Tips for Capturing Spectacular Flower Shots
Tulips are gorgeous from any distance, but for professional flower photographer Anne Belmont, their beauty explodes the closer you get. “The curls, the curves, some can look like they’re posing for a dance,” she said.
Belmont — who took the photo on the cover of the March/April 2020 edition of Journey magazine for our Pacific Northwest tulip story — offered some flower photography tips for AAA Washington members, even if you don’t know the difference between an f-stop and a Fosteriana.
“Tulipa ice cream” is the botanical name of this unusual tulip. Photo by Anne Belmont
Top Tips for Photographing Tulips
- Remember to stay out of flower fields unless you have permission, and even then to stick to paths instead of stepping between the flower rows, which can damage the plants.
- Mornings are best for soft light and still air. Sunsets and bright, overcast days are good, too. Go right after rain. Water droplets on petals make for sensuous shots.
- Don’t feel like you must capture the whole flower. Focus on an unusual detail, like a vein of color or a pleasing curl.
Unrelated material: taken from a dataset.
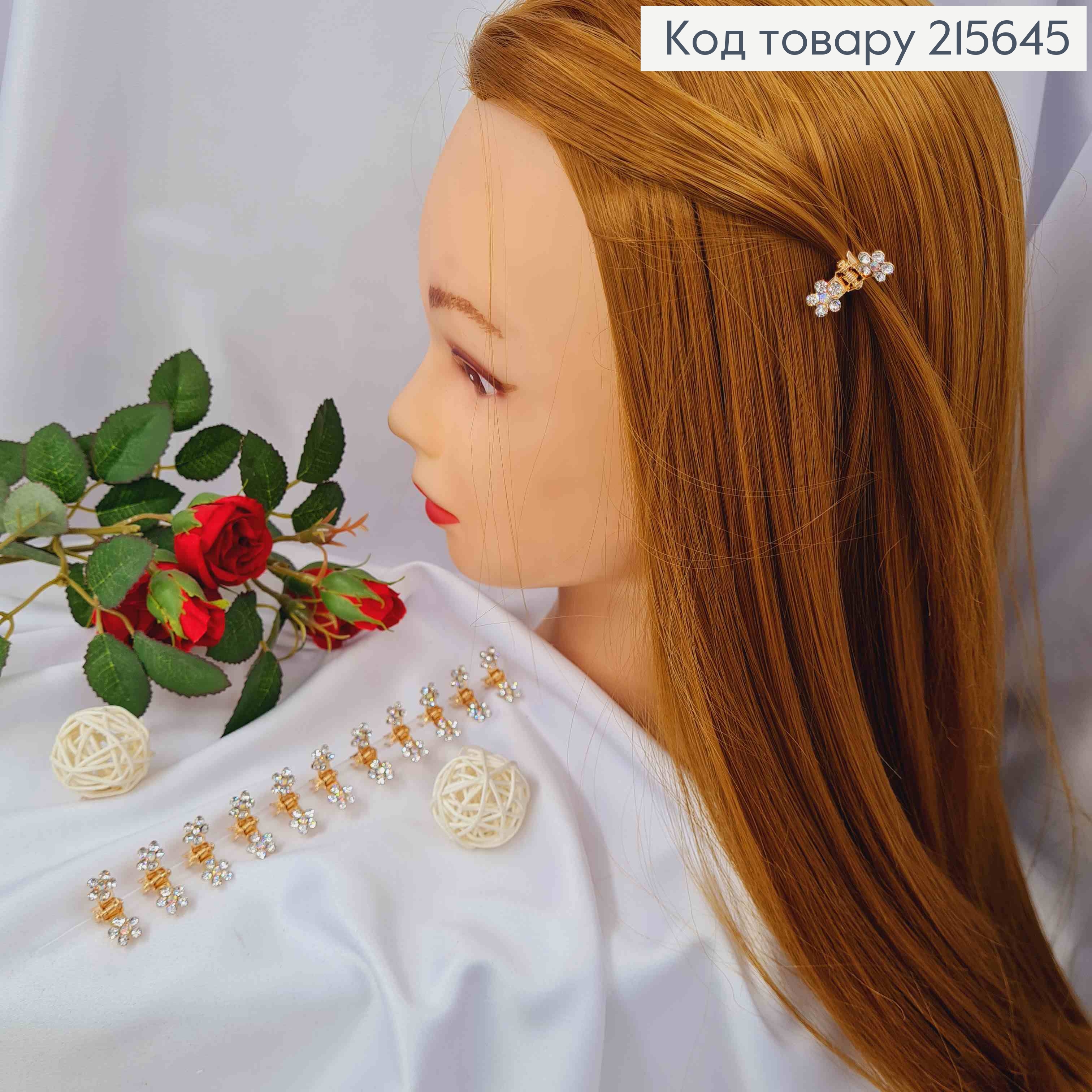 Краб металл, маленький, с двумя Цветочками в Блестящих камнях, золотог цвета 1см, 12шт/уп

- Find a simple background. Macro lenses, long lenses and wide-open apertures create short focal lengths that can blur the background, drawing a viewer’s eye to an interesting detail that’s in focus. (Smartphone cameras also allow you to selectively focus and, in some cases, to blur the background.)
- Bonus Tip: If you’re willing to spend some extra money to make sure everything goes off without a hitch, Tulip Festival mainstay Tulip Town offers special photographer day and season passes that get you access to the most picturesque blossoms during the golden hours.